George was looking forward to a time when, if he and his family survived, he would be able to teach things to his boy with higher hopes of him understanding all he said. He would have been pleased if he knew that Alex was remembering it all now, as he waited in a daze for Edna to finish tidying herself up. Alex remembered that a lot of shovelling of earth and digging up of earth had to be done because the walls had to be put up over a pit three feet deep and the completed shelter had then to be covered with soil to a depth of eighteen inches. By the time the bombs started to fall there was many a marrow coming to full size on the top of the shelters along Chestnut Road. Most of the residents had bought their shelters a year before, since they earned rather more than would qualify them for free ones. They all agreed that it was probably ten pounds well spent, since a family of six could be kept safe from the blast that might take away the houses, provided that the shelter did not receive a direct hit itself. They all felt sorry for the people who lived down near the docks or in central London without gardens in which to build the shelters. At least in the western suburbs they were consoled by the idea that if death came to them, it would come to family groups huddling together and not to a communal shelter full of people who would be strangers to each other.

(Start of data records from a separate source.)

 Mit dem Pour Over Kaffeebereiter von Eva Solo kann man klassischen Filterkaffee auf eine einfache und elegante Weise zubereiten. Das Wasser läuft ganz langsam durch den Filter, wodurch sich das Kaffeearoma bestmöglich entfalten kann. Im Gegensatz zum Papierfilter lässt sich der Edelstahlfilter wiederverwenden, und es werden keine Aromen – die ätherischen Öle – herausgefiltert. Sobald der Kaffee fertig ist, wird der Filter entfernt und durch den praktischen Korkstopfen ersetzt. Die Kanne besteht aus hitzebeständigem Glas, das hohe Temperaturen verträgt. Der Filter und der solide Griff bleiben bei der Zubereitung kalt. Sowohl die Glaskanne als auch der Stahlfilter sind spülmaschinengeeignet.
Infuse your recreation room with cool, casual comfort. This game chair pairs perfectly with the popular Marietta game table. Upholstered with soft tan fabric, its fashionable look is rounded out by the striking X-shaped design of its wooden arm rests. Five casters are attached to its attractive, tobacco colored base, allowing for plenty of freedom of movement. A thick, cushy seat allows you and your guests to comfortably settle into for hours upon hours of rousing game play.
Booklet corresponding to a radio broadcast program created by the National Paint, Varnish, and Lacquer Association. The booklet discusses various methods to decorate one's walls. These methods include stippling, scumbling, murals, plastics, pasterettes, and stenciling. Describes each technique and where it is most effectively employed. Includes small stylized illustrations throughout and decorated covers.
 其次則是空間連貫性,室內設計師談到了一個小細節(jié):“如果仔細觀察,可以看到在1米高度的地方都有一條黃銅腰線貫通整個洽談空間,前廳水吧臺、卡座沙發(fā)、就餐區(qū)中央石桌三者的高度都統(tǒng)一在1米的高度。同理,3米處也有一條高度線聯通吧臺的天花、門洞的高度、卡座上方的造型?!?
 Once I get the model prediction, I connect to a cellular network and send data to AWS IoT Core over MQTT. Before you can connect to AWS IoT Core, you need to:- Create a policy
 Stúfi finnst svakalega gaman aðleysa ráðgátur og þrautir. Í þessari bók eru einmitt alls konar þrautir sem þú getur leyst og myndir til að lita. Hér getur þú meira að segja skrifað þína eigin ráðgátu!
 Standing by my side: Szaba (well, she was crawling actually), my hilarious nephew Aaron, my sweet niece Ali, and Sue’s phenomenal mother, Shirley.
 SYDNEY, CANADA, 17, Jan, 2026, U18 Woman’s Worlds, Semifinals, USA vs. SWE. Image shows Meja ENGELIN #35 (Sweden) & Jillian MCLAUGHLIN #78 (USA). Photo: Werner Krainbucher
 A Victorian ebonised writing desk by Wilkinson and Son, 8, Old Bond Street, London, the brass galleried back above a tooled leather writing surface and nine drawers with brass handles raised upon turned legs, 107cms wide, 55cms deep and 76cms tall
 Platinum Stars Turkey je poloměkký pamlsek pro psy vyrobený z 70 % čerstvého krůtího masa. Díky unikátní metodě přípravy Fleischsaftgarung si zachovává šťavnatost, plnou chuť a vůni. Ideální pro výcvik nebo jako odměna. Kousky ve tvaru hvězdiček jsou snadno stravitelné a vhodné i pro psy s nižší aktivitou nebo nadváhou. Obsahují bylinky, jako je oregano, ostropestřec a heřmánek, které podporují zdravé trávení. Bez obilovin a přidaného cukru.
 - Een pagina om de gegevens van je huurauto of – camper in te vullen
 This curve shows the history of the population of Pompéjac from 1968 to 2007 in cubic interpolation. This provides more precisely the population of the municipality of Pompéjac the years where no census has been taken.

When Edna came down again, she was very distressed to find a wet patch underneath Alex on the stair carpet, though Joyce did not seem to mind at all and produced a bucket of water and a cloth to deal with it. He was none too gently dragged upstairs for a wash and some hastily found clean clothes. Before she married George, Edna had worked for a short time as a nurse in the children's ward of an infectious diseases hospital. She knew how to be efficient, and her son now felt the full force of that efficiency.
When she rang him at work, George knew that Edna was under more strain than she usually was. He had accepted years ago that she would never turn into a gentle and imperturbable woman, and recognized his own tendency towards anxiety well enough. So while he agreed that she should visit their close friends in Oxford on account of her tense state, underneath he was glad of the chance to have a proper reason for getting her to a safe place without her seeming to have run away, or appearing to be trying to escape himself at the weekends.
At the time they had married in 1923 he had been twenty-two and an Engine Room Artificer in the Royal Navy, handsome in his fore-and-aft uniform and his cap worn at a rakish angle in the style of Admiral Beatty. She was twenty-one, with appealing brown eyes and hair like the feathers of a raven. Nothing wrong with all that, though his parents thought there was, and her own mother had been dead four years or she might have made some remark about repenting at leisure. Edna's father had become dispirited since his bereavement and expected his middle daughter to look after his youngest one, a responsibility to which she had not taken very kindly. Edna was not very fond of the idea of children nor, indeed, of their reality in spite of her job looking after some of them. George was a kind man, and had felt sorry for the attractive children's nurse he met at a dance. He was willing to outface his mother and father when she accepted his proposal of marriage. He offended them even more by arranging his wedding by special licence in a short period of leave when he was meant to have been initiated to a lodge of freemasons during his father's year as its worshipful master. His father, who was also in the Navy, had high hopes for his elder son, which did not include an early and probably improvident marriage to a girl who had no more in her stocking than her obviously fetching leg. David Ryland was more surprised than pleased when his daughter-in-law did not give birth to a child during the next nine months nor for that matter for the next thirteen years. By the end of that time hope of having grandchildren had overridden his earlier misgivings about his son's marriage. Nevertheless, the doubts of George's mother still lingered and erupted into unpleasant scenes from time to time when she and Edna met, which did not happen very often.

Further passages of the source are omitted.